Hong Kong – a city of banks, restaurants, designer stores,
and an infinite number of high raise apartment buildings. The public transportation is wonderfully
efficient and with my prepaid Octopus card all I have to do is to tap my card
to the reader on any form of transportation and the fee is automatically
deducted, although since I’m an “elderly” the fee is very low – it’s even free
to ride the Star ferry across the harbor, which everyone should do at least
once in their life. It’s still a
thrilling ride, even if the harbor is much small than it was twenty years ago,
and the boat traffic is much less.
Hong Kong is all about making money and spending money, and
eating; eating everything and anything, as long as it is fresh. For example, I ate goose intestines, duck
tongues, and the fallopian tubes of a frog-like animal. But more familiar types of food are even more
delicious (to me); roast goose, barbecue pork, steamed whole fish, and of course
we ate a lot of dim sum. I love dim sum,
not just the food itself but the ambiance – people sitting at tables with
strangers reading their newspapers, drinking tea, passing time. Of course the newer fancier restaurants lack
this slow pace, but even at these places I don’t feel rushed.
The streets in some parts of town are lined with designer
shops and outside these shops there are lines of people waiting to get in,
mostly mainland Chinese with money to burn.

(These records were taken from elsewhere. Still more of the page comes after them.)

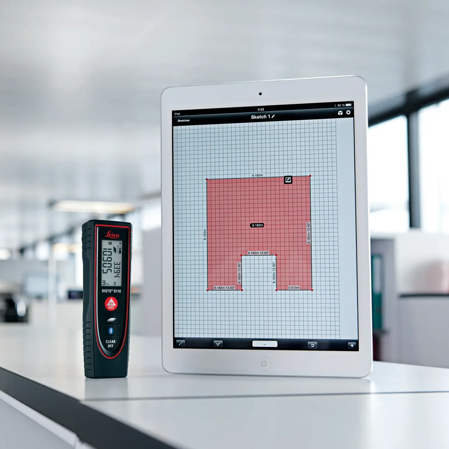Uanset om du har brug for et hurtigt overslag over materialeforbrug eller arbejder med et husrenoveringsprojekt, giver Disto D110 med gratis tegne-app dig uendelige muligheder.
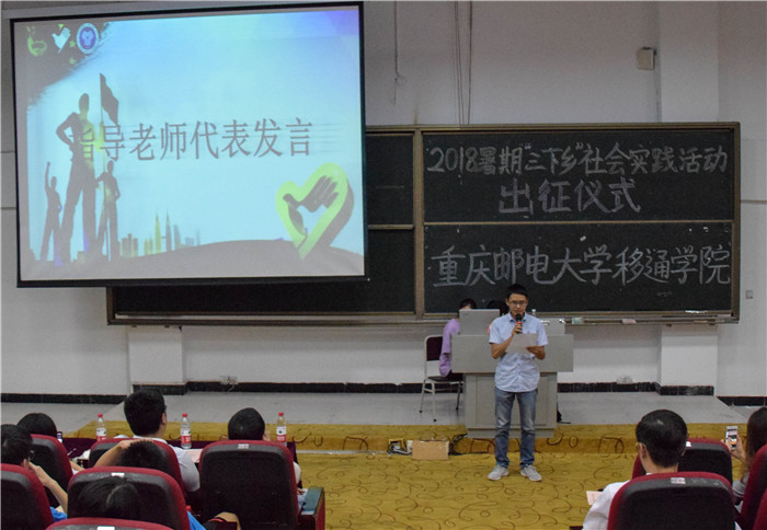 智能工程学院辅导员杨龙奉老师在作为指导老师代表发言时,提到暑期“三下乡”社会实践是当代青年大学生运用知识、施展才华、磨练意志、实践成才的大课堂,是广大青年大学生传播文明,弘扬科学精神的重要途径,是顺应时代需求、有利学生成才,深受人民群众和青年学生欢迎的教育服务活动。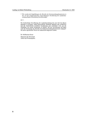 Landtag von Baden-Württemberg Drucksache 16 / 5684 7. Wie wurden die Empfehlungen des Berichts der Kostensenkungskommission in der von der Landesregierung vorgeschlagenen Novellierung der Landesbau- ordnung Baden-Württemberg berücksichtigt? Zu 7.: Die beabsichtigte Novellierung der Landesbauordnung hat zum Ziel das Bauen günstiger zu gestalten, indem baurechtliche Standards abgebaut oder modifiziert und das baurechtliche Verfahren beschleunigt und vereinfacht wird, um die Schaffung von neuem Wohnraum zu fördern. Mit der Novellierung soll daher auch die Zielsetzung des Berichts der Baukostensenkungskommission aufgegrif- fen und in spezifischer Weise im Landesrecht umgesetzt werden. Dr. Hoffmeister-Kraut Ministerin für Wirtschaft, Arbeit und Wohnungsbau 8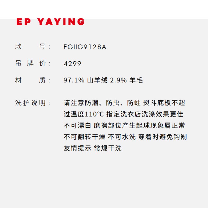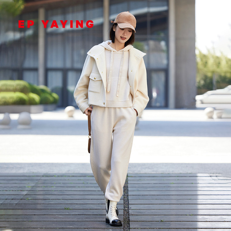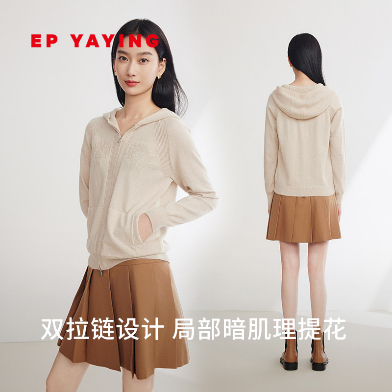 EP YAYING雅莹女装 无染色纯羊绒连帽针织开衫商场同款9128A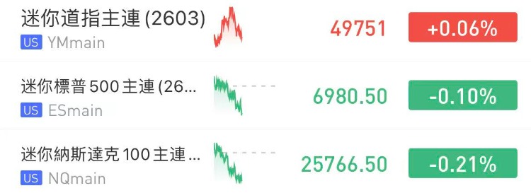 華盛資訊1月6日訊,盤前美股三大股指期貨漲跌不一,截至發稿,納指期貨 $NQmain 跌0.21%,標普500期貨 $ESmain 跌0.10%,道指期貨 $YMmain 微漲0.06%。

On the Star ferry I saw women with bags – lots of bags - from Chanel,
Burberry, Prada, and numerous other high priced stores. All that money is driving up the cost of
real estate here, so that apartments rent for thousands of (US) dollars a
month, and sell for millions.
Get on a ferry to an outlying island, or a bus to the peak,
and in half an hour you are hiking in the country. Our first day in Hong Kong the weather and
visibility were great so we took a bus to the peak (the tram has become too
popular with mainland tourists now), and hiked from Victoria Peak to the top of
High West, another peak with a spectacular view and no buildings. While we were climbing the hill that song
from the old movie Love is a many
splendored thing kept playing in my head: “once on a high and windy hill
two lovers kissed…” But Nonnie didn’t
want to kiss in front of the other hikers.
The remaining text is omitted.